** Task details **
Without copying any picture, return all lines below exactly.

==== Data provided

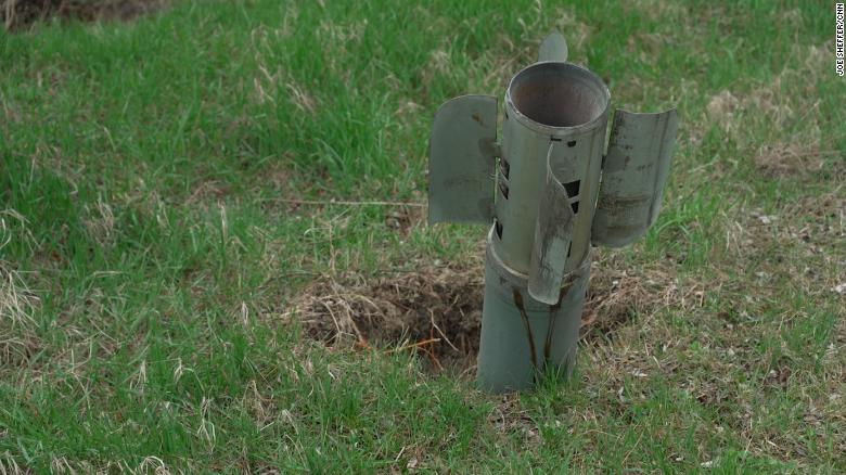 D’énormes rainures sont visibles là où les troupes avaient tiré des missiles grad depuis un champ, situé à quarante kilomètres (environ 25 milles) de la capitale. Dans les bois, des disques de missiles grad qui avaient été lancés et des caisses de munitions jonchent le sol aux positions de lancement.
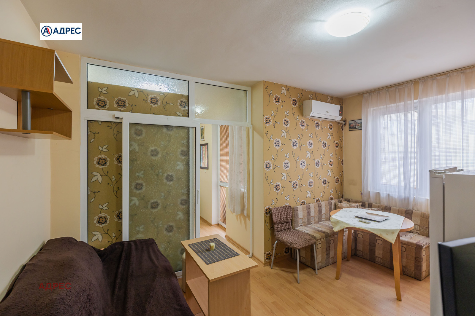 Кокетно двустайно апартаментче, напълно обзаведено готово за нанасяне. Състои се от дневна с кухненска част (напълно оборудвана), спалня, баня/тоалет заедно, балкон, входно антре. Отоплението и охлаждането е посредтсвом климатик. Подходящ за сам човек или двойка.
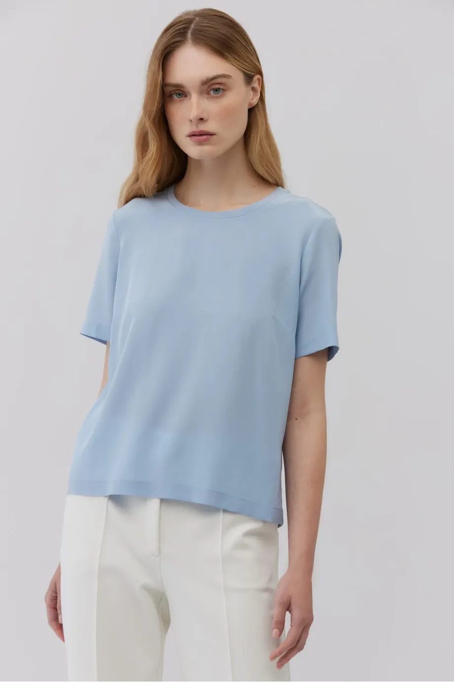 Bluzka z jedwabnym przodem i dzianinowym tyłem. Prosty, lekko pudełkowy krój. Okrągły dekolt. Krótkie rękawy.
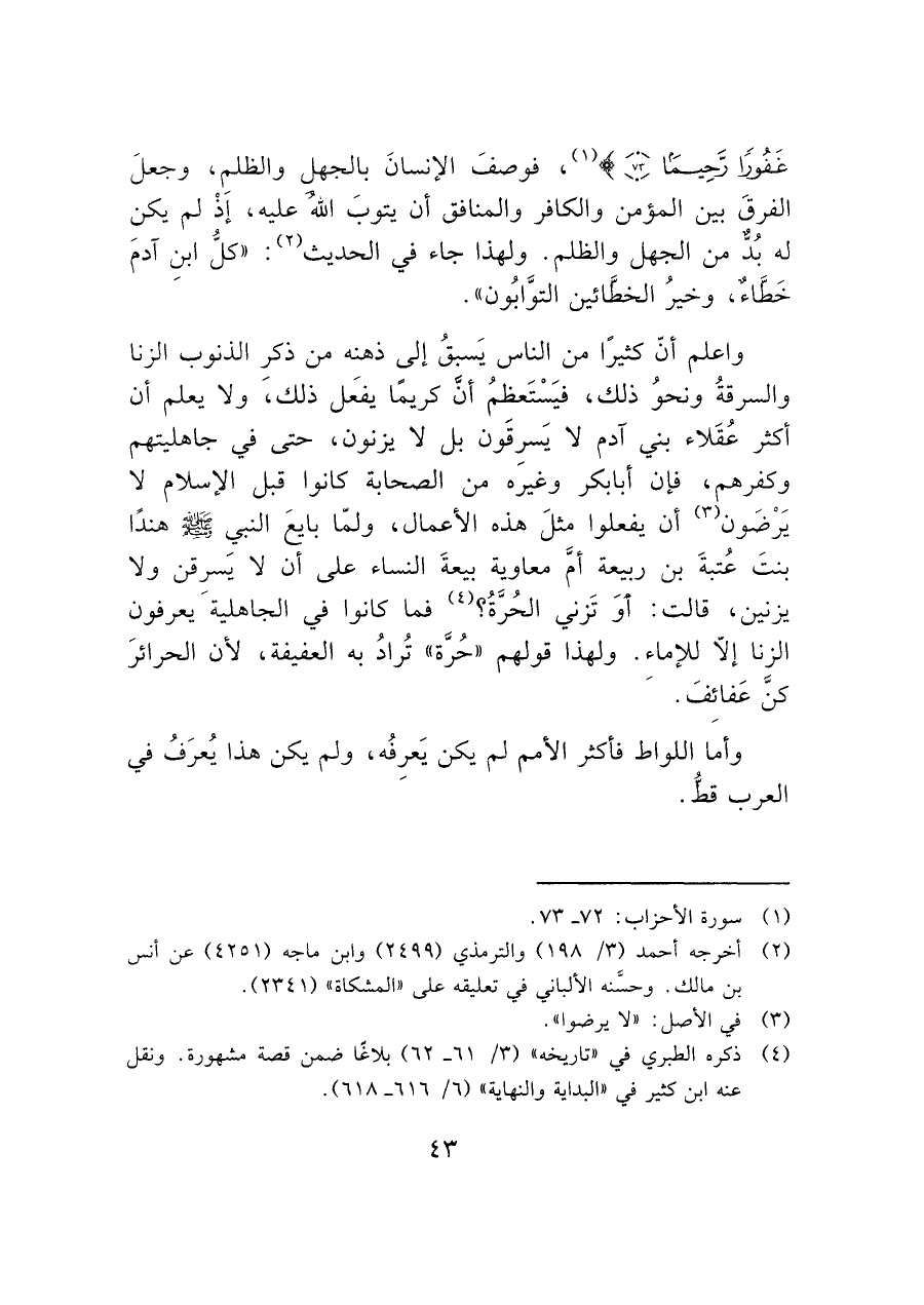 واعلم أن كثيرًا من الناس يَسبقُ إلى ذهنه من ذكر الذنوب الزنا والسرقةُ ونحوُ ذلك، فيَسْتَعظمُ أن كريمًا يفَعل ذلك، ولا يعلم أن أكثر عُقَلاء بني آدم لا يَسرِقَون بل لا يزنون، حتى في جاهليتهم وكفرهم، فإن أبا بكر وغيره من الصحابة كانوا قبل الإسلام لا يَرْضَون (¬٣) أن يفعلوا مثلَ هذه الأعمال، ولما بايعَ النبي - صَلَّى اللَّهُ عَلَيْهِ وَسَلَّمَ - هندًا بنتَ عُتبةَ بن ربيعة أمَّ معاوية بيعةَ النساء على أن لا يَسرقن ولا يزنين، قالت: أوَ تَزني الحُرَّةُ؟ (¬٤) فما كانوا في الجاهلية يعرفون الزنا إلاّ للإماء. ولهذا قولهم "حُرَّة" تُرادُ به العفيفة، لأن الحرائرَ كن عَفائِفَ.

========

** Response area **
 D’énormes rainures sont visibles là où les troupes avaient tiré des missiles grad depuis un champ, situé à quarante kilomètres (environ 25 milles) de la capitale. Dans les bois, des disques de missiles grad qui avaient été lancés et des caisses de munitions jonchent le sol aux positions de lancement.
 Кокетно двустайно апартаментче, напълно обзаведено готово за нанасяне. Състои се от дневна с кухненска част (напълно оборудвана), спалня, баня/тоалет заедно, балкон, входно антре. Отоплението и охлаждането е посредтсвом климатик. Подходящ за сам човек или двойка.
 Bluzka z jedwabnym przodem i dzianinowym tyłem. Prosty, lekko pudełkowy krój. Okrągły dekolt. Krótkie rękawy.
 واعلم أن كثيرًا من الناس يَسبقُ إلى ذهنه من ذكر الذنوب الزنا والسرقةُ ونحوُ ذلك، فيَسْتَعظمُ أن كريمًا يفَعل ذلك، ولا يعلم أن أكثر عُقَلاء بني آدم لا يَسرِقَون بل لا يزنون، حتى في جاهليتهم وكفرهم، فإن أبا بكر وغيره من الصحابة كانوا قبل الإسلام لا يَرْضَون (¬٣) أن يفعلوا مثلَ هذه الأعمال، ولما بايعَ النبي - صَلَّى اللَّهُ عَلَيْهِ وَسَلَّمَ - هندًا بنتَ عُتبةَ بن ربيعة أمَّ معاوية بيعةَ النساء على أن لا يَسرقن ولا يزنين، قالت: أوَ تَزني الحُرَّةُ؟ (¬٤) فما كانوا في الجاهلية يعرفون الزنا إلاّ للإماء. ولهذا قولهم "حُرَّة" تُرادُ به العفيفة، لأن الحرائرَ كن عَفائِفَ.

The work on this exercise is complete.